### Task instructions
For the data below, retype word for word the lines from the one containing "personalizar su look." through the one containing "The Mall, London, UK."; drop the pictures.

### Exercise material
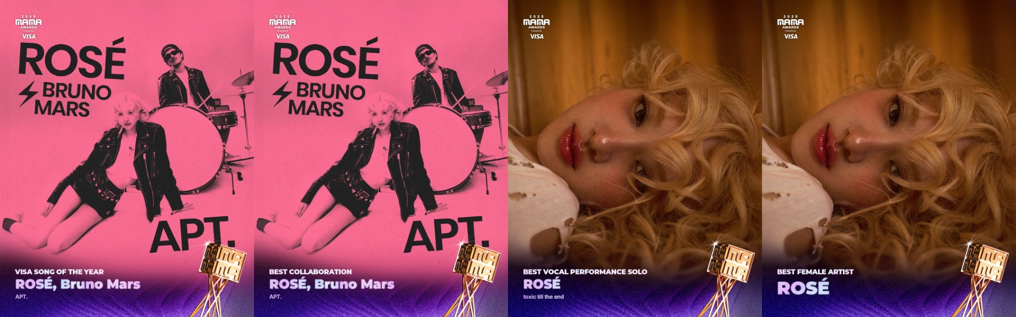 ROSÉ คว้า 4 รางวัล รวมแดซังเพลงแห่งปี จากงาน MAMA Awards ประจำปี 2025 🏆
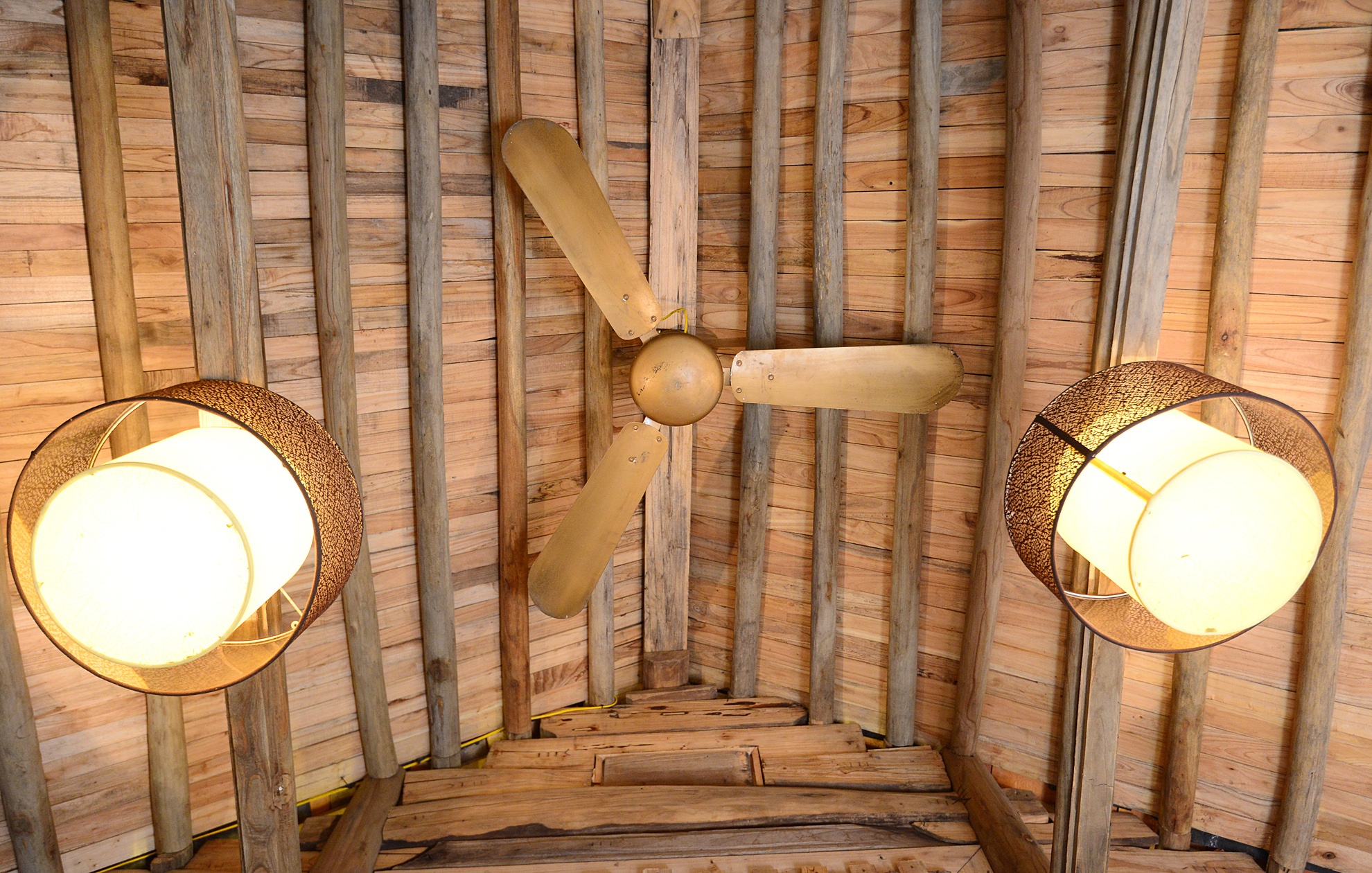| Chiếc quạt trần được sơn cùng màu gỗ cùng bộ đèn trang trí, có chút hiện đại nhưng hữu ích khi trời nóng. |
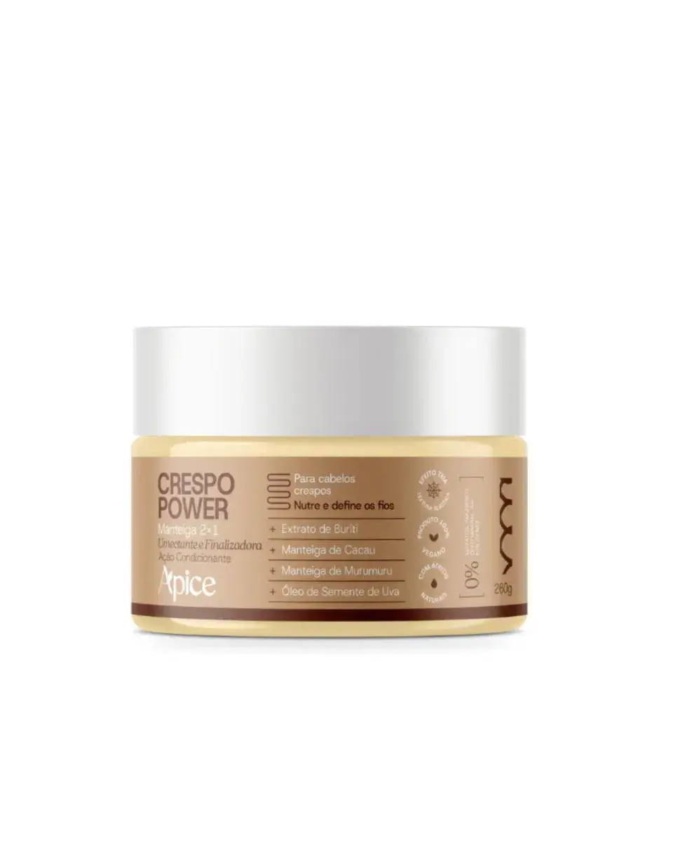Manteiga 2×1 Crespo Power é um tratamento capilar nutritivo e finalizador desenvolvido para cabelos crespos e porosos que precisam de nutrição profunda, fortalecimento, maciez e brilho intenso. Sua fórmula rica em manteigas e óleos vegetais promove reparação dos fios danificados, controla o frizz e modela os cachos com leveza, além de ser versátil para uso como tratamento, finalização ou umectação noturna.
---
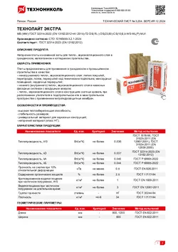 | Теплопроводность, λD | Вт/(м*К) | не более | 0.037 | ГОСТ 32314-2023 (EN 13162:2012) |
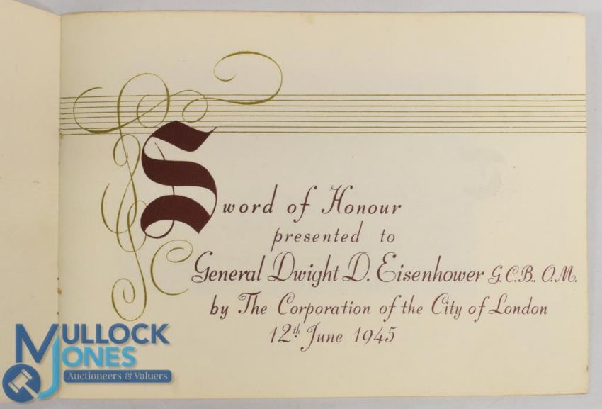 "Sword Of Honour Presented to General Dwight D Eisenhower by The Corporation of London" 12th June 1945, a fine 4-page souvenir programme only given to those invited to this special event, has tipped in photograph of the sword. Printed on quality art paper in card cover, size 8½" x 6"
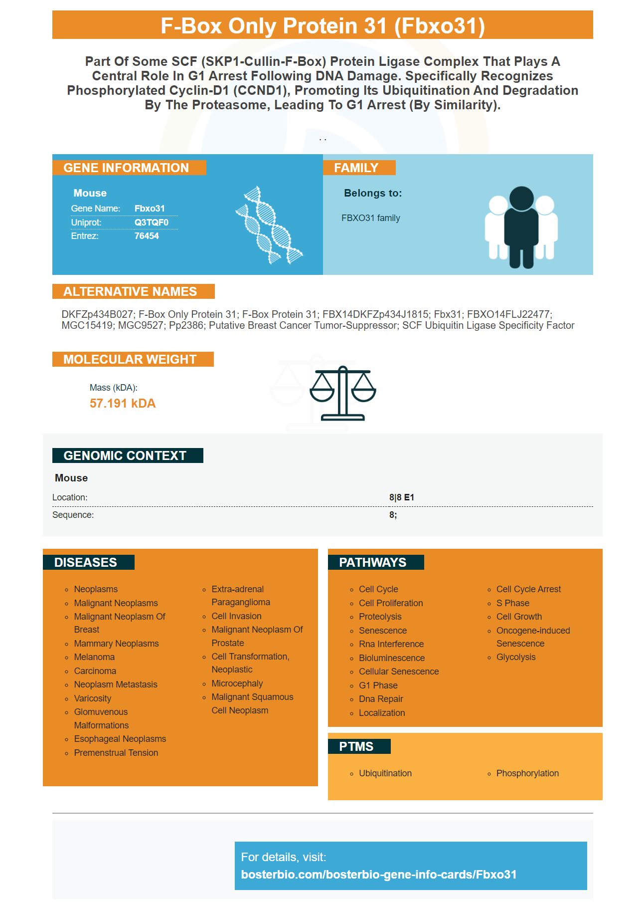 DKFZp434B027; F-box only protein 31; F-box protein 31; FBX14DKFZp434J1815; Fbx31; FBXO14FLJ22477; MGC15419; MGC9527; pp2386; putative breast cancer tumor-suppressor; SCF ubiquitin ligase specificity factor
--
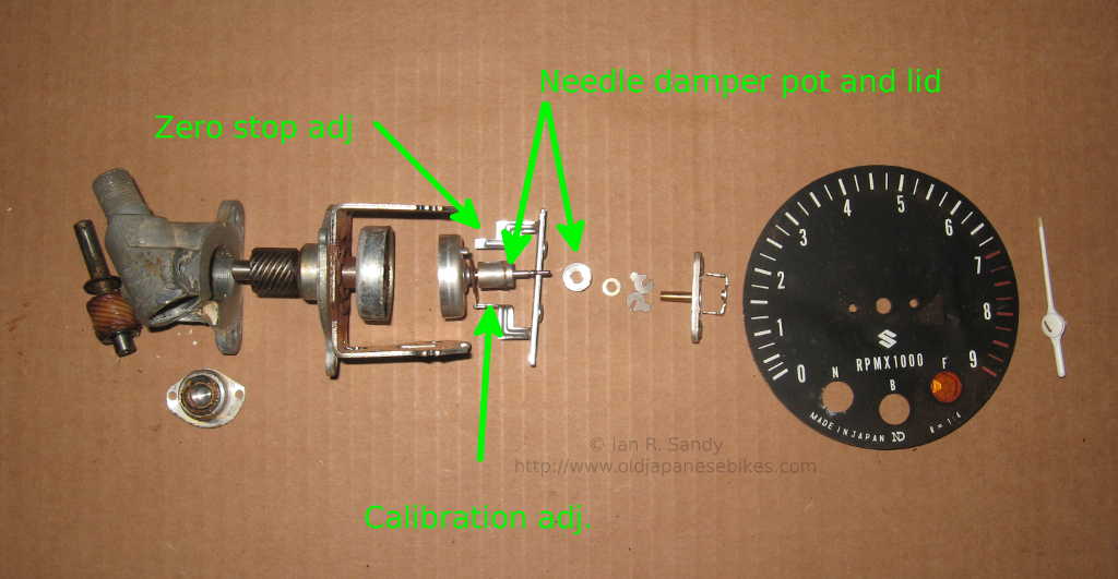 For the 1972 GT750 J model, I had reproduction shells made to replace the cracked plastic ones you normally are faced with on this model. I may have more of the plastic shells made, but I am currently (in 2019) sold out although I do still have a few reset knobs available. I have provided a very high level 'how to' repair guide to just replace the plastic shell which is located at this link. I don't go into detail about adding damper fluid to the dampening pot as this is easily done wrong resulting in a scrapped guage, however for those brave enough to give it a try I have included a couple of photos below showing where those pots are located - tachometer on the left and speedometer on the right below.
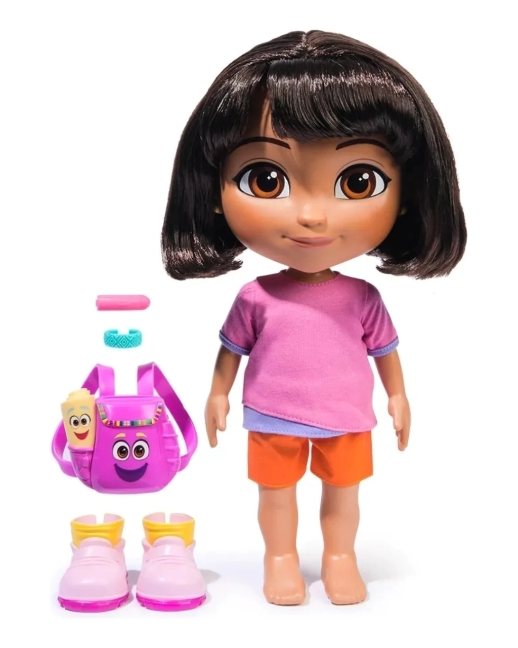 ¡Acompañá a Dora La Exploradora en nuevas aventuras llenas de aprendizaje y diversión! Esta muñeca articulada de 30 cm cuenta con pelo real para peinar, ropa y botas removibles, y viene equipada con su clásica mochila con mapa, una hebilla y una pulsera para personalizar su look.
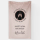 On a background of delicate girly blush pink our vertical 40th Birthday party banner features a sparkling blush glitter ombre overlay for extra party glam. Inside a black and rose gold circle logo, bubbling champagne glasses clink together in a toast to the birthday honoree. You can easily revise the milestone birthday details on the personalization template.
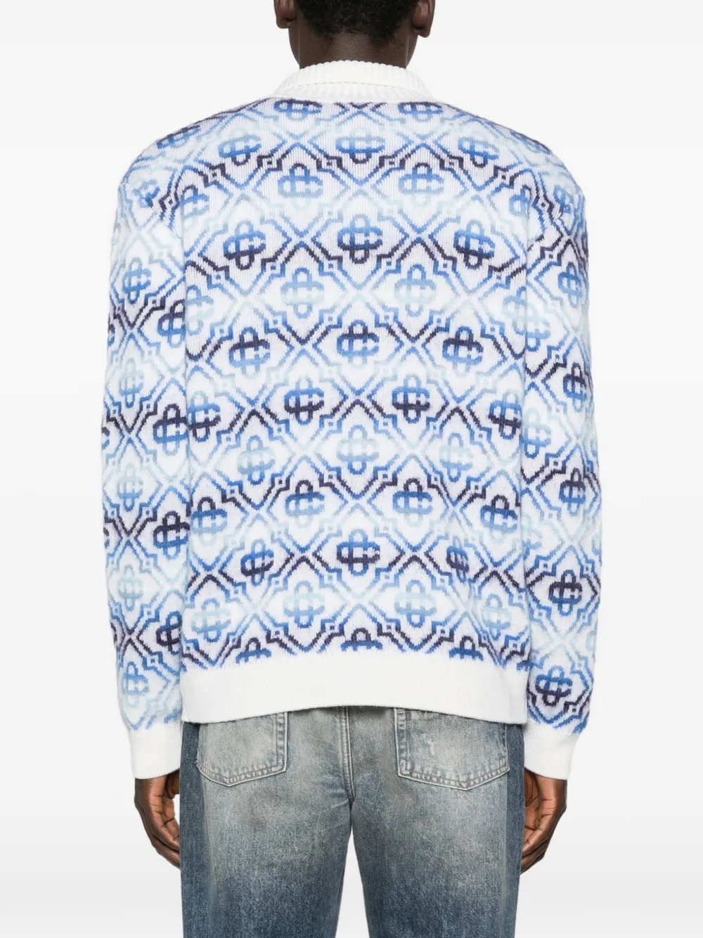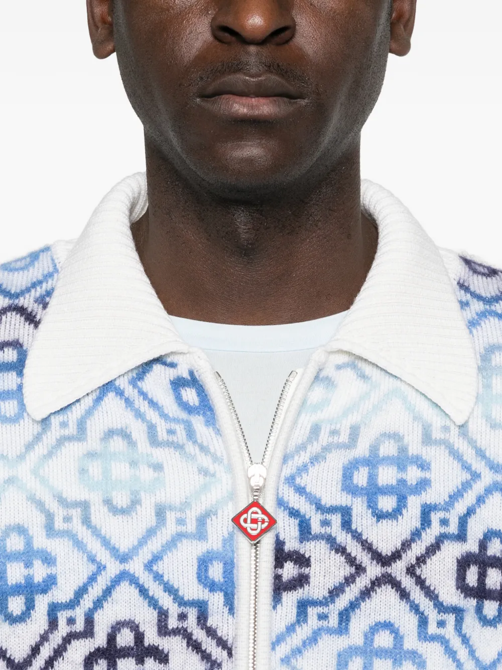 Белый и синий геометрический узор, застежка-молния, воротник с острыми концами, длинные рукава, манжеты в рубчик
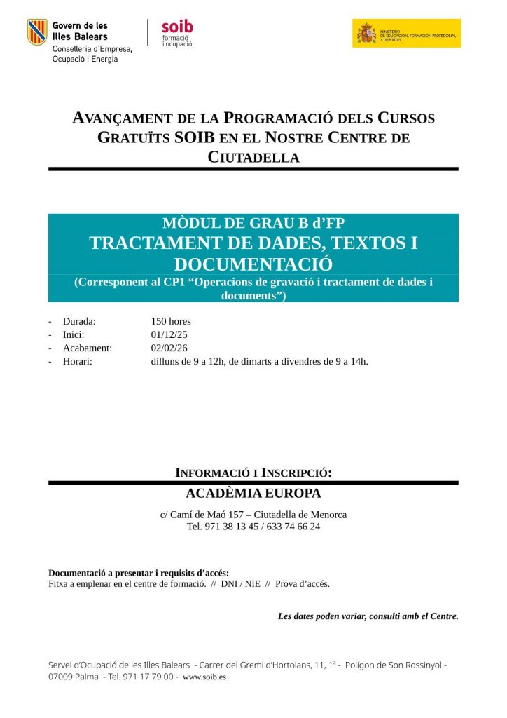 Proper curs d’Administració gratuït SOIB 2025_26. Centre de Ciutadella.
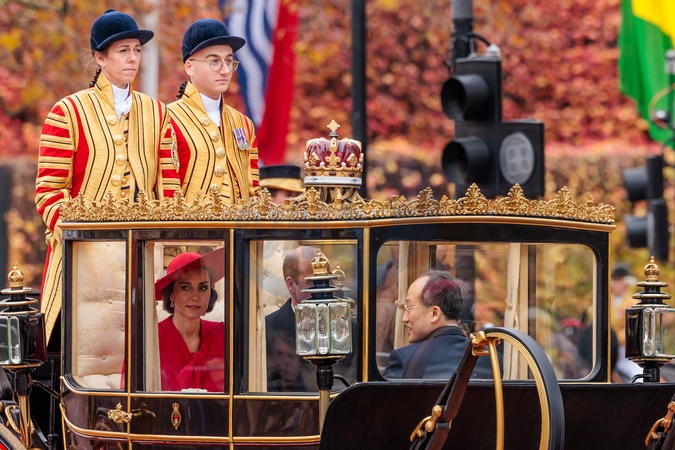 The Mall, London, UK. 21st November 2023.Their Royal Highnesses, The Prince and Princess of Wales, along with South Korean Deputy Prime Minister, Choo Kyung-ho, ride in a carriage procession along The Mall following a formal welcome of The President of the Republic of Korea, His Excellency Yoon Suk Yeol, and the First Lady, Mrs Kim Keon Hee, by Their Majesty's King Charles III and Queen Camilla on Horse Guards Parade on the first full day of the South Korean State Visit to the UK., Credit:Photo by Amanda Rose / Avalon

### Problem solution
 ¡Acompañá a Dora La Exploradora en nuevas aventuras llenas de aprendizaje y diversión! Esta muñeca articulada de 30 cm cuenta con pelo real para peinar, ropa y botas removibles, y viene equipada con su clásica mochila con mapa, una hebilla y una pulsera para personalizar su look.
 On a background of delicate girly blush pink our vertical 40th Birthday party banner features a sparkling blush glitter ombre overlay for extra party glam. Inside a black and rose gold circle logo, bubbling champagne glasses clink together in a toast to the birthday honoree. You can easily revise the milestone birthday details on the personalization template.
 Белый и синий геометрический узор, застежка-молния, воротник с острыми концами, длинные рукава, манжеты в рубчик
 Proper curs d’Administració gratuït SOIB 2025_26. Centre de Ciutadella.
 The Mall, London, UK. 21st November 2023.Their Royal Highnesses, The Prince and Princess of Wales, along with South Korean Deputy Prime Minister, Choo Kyung-ho, ride in a carriage procession along The Mall following a formal welcome of The President of the Republic of Korea, His Excellency Yoon Suk Yeol, and the First Lady, Mrs Kim Keon Hee, by Their Majesty's King Charles III and Queen Camilla on Horse Guards Parade on the first full day of the South Korean State Visit to the UK., Credit:Photo by Amanda Rose / Avalon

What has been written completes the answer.